Избавление от болезней, от крайних бедствий, от тяготевшего издревле божьего гнева бывало найдено благодаря исступлению, появившемуся откуда-то в некоторых родах и дававшему прорицание тем, {E} кому это требовалось. Исступление заставляло прибегать к молитвам и служению богам, отчего удостоивалось очищения и посвящения в таинства и тем ограждало от напастей и на нынешнее и на будущее время того, кем овладевало, и приносило избавление от нынешних зол подлинно {245} исступленным и одержимым.

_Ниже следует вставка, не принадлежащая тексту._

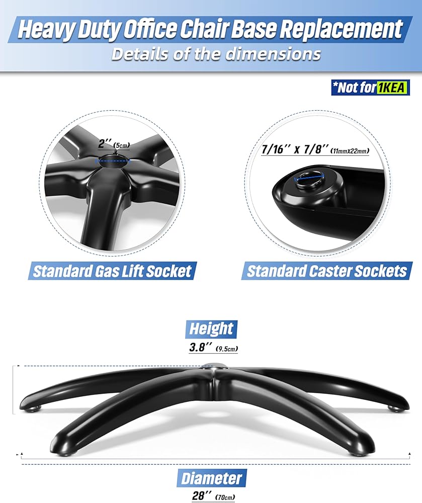 🏆【Universal Base Size】Chair base height: 4.72'' (12cm), Casters: 7/16" x 7/8" (11mm x 22mm), caster height: 2.17'' (5.5cm), Total height: 6.89" (17.5cm), Compatible gas cylinder hole: 2" (5cm). This 24'' office chair replacement base is suitable for most of the market including Herman Miller (office chair, study chair, desk chair, vanity chair). Please confirm the size before making a purchase.

Третий вид одержимости и исступления — от Муз, оно охватывает нежную и непорочную душу, пробуждает ее, заставляет излить вакхический восторг в песнопениях и в иных родах поэзии и, украшая несчетное множество деяний предков, воспитывает потомков. Кто же без ниспосланного Музами исступления подходит к порогу творчества, в уверенности, что благодаря одной сноровке станет изрядным поэтом, тот немощен, и все созданное человеком здравомыслящим затмится творениями исступленных.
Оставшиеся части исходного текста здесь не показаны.